I’m writing mostly to thank you, which I have a feeling isn’t something that happens all that often. My apologies if that, or any of this, comes across as curt; honest, I’m on your side.

See, 1998 and 1999 were my anni mirabiles. I was eleven, so that’s sad as hell, I know, but listen. That was when a schism in my Catholic school occurred — between sexes, between phases in our individual bodies (at least mine — I got my first period and had to play the snare drum in a school band concert — standing up! — the same night), and, like every fucking ’90s teen movie ever, between cliques, namely the “popular” kids and the “alternative” kids (because, didn’t you know, there are really only like five kinds of people??) –and we didn’t have Tumblr or anything to help navigate these differences. Nobody got along and it was horrendous.

But, wait. Not all of it. Because 1998 was also — November 12, to be exact — when the music video for “Faith” debuted on Total Request Live. It squeaked right in there at number ten, helping round out what was, actually, a pretty solidly “alternative” list, save for the boy bands who held on tightly to the top.

No offense, but I do wish that my musical epiphany happened like, at Woodstock, or while seeing the Ramones live, or hearing the Beatles for the first time, or during fucking anything else, but it didn’t. It happened that day, while I was sitting on a ratty brown sofa-bed, probably still half in my school uniform, eating Dunkaroos, watching you, Fred, mime-scream George Michael lyrics into a fisheye lens. Watching you sign the breast of a girl with a blurred-out face. Watching you flip off your own audience a half-second before you launch into the chorus.

That’s when everything changed for me. That following year, guided by your muddy guitars, I slid into an identity chiseled by the buzz-bin MTV gods and sculpted by modern rock radio. I begged my mom to take me to head shops to buy iron-on Korn patches. I wasn’t scared of Hot Topic anymore. A few boys thought I was “rad” to hang out with (but not to date or kiss or like). I bought two anole lizards, and I named them Fred and Wes (Fred died immediately and Wes escaped; I found a shriveled lizard carcass at the back of my closet two years later). I saved allowance for a red Yankees cap, although I never wore it outside the house, except maybe once to my sister’s stupid gymnastics practice, which I was dragged to against my will, obviously.

So why am I thanking you? What exactly did all of this do to me, or for me?

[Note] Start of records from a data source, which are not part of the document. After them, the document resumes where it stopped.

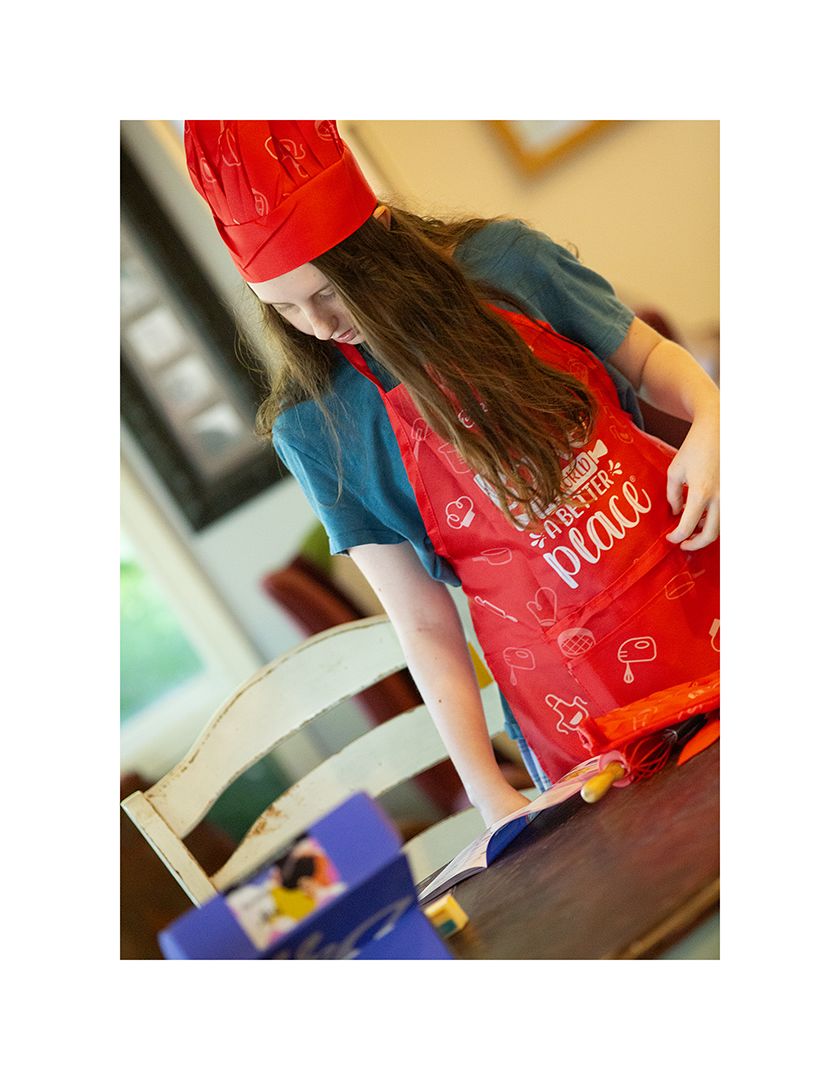 Korah (13) and Kel (11) both enjoy using the Baketivity boxes. This go we went boys versus girls and they each took an assistant. Part of this lesson wasn’t just about baking. Part of this lesson was learning how to interact with and manage and assist a small child in the process. Help them read the instructions, help them measure, TEACH someone else a skill that you already have.
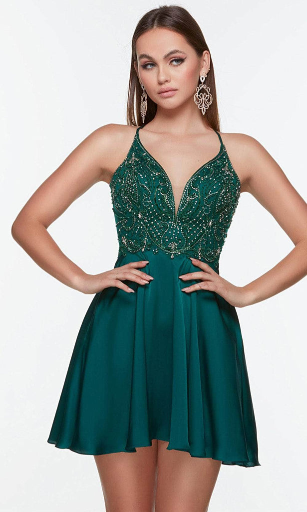 Dance the night away in this majestic Alyce Paris 3112 cocktail dress. The alluring sleeveless dress displays a beaded embellished top framed with a plunging V-neckline. A dual spaghetti strap fall along the open back creating an amazing strappy design and it also displays a cutout detail with zipper closure at the lower back. The flowy satin skirt gracefully cascades down to a short A-line silhouette. This Alyce Paris creation will definitely make a statement in every occasion. Models are wearing the Pine and Wine colors.
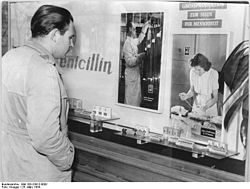1945 erhielten Fleming, Chain und Florey für ihre Entdeckung, die einen Wendepunkt in der Geschichte der Medizin markiert, gemeinsam den Nobelpreis.[23] Der Wirkstoff beendete das seit der Antike bestehende medizinische Problem, dass chirurgische Verletzungen aufgrund einfacher Wundinfektionen auch lange nach den Kriegshandlungen zum Tod der Betroffenen führen können, und wurde deshalb auch nach dem Krieg noch in der Bevölkerung als Wundermedizin angesehen. In Deutschland konzentrierte man sich auf die Weiterentwicklung der auch heute noch eingeschränkt gebräuchlichen Sulfonamide, da der Alliierte Kontrollrat die Nutzung von Penicillin weder in der Forschung noch in der medizinischen Anwendung erlaubt hatte. Erst 1946 gelangte ein Penicillinstamm unter letztlich ungeklärten Umständen zur Stolberger Firma Chemie Grünenthal, wo eine Produktion begonnen wurde. Allgemein erhältlich[24] wurde das zuvor importierte Penicillin in Deutschland erst nach 1949. Auch die Biochemie GmbH in Kundl/Tirol (Österreich) (heute Sandoz[25]) war an der Erforschung und Verbreitung von Penicillin beteiligt. Im Jahr 1953 entdeckten dort die Chemiker Ernst Brandl und Hans Margreiter und der Pharmakologe Marco Giovannini das säurestabile Penicillin V (Phenoxymethylpenicillin) für die orale Therapie.[26][27][28]
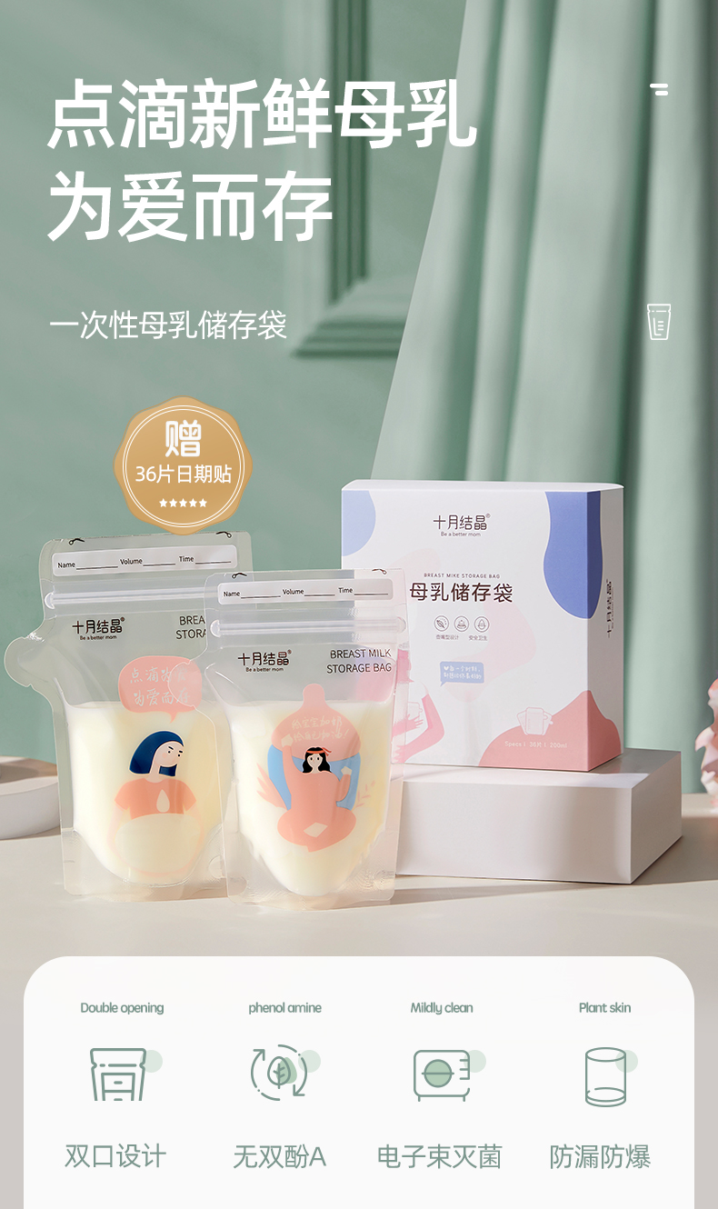 十月结晶 Маленькая ёмкость для хранения молока, сумка для хранения, 120 мл, 150 мл, 200 мл, 32 штук
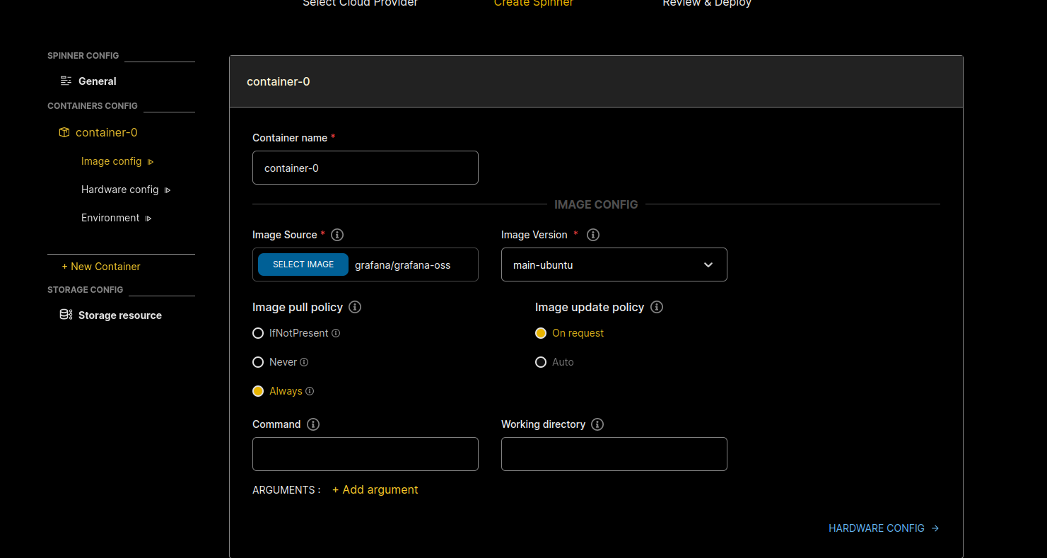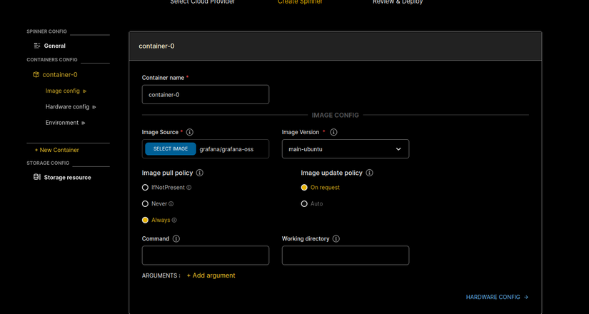 Mình chọn image là grafana/grafana-oss, tag là main-ubuntu
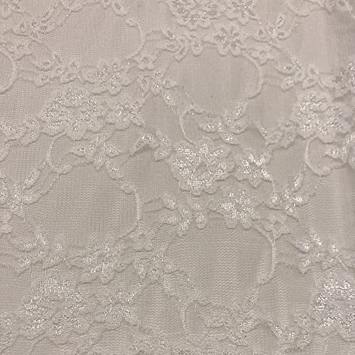 Tulle ricamato elasticizzato al metro, senza bordo, a smerlo morbido e leggero, per abbigliamento donna, abbigliamento danza BIANCO SETA

Well, eventually I realized that it wasn’t the rap-singing, or the all-black contact lenses, that drew me to you. It was your anger –and it was the same anger that had drawn countless hormonal, disaffected teens (or pre-teens) to music their parents hated for generations upon generations. It was the angst within lyrics like “shut the fuck up” and “stick it up your (yeah),” not the lyrics themselves, that I really connected with.

(Although, really, how much more relatable could a lyric be than “It’s just one of those days/Where you don’t want to wake up/Everything is fucked/Everybody sucks”? So pure. So honest.)

Yes, I moved on. And I guess I’m not super apologetic about that. But I am sick of hiding away my nü-metal past like a receding hairline under a fuzzy Kangol bucket hat. I’m sick of, when asked by an old friend if I remember when I used to wear JNCO jeans, not saying yeah of course I fucking do, and do you know how comfortable that shit was? and instead, nodding bashfully, and acting like I don’t remember that time she wanted a Dave Matthews fire dancer tattoo.

A year or so later, when someone stole Significant Other out of my 48-CD zipper binder during a bus trip to Boston, I was bummed, but now I realize that, too, was a gift. That empty sleeve just opened up room for more music –better, more respectable music (again, sorry) –but music I probably wouldn’t have discovered if you hadn’t come into my life.

So, thank you, Limp Bizkit. And I’m sorry I outgrew you before Chocolate Starfish and the Hot Dog Flavored Water, but wasn’t that about buttholes? I mean, come on.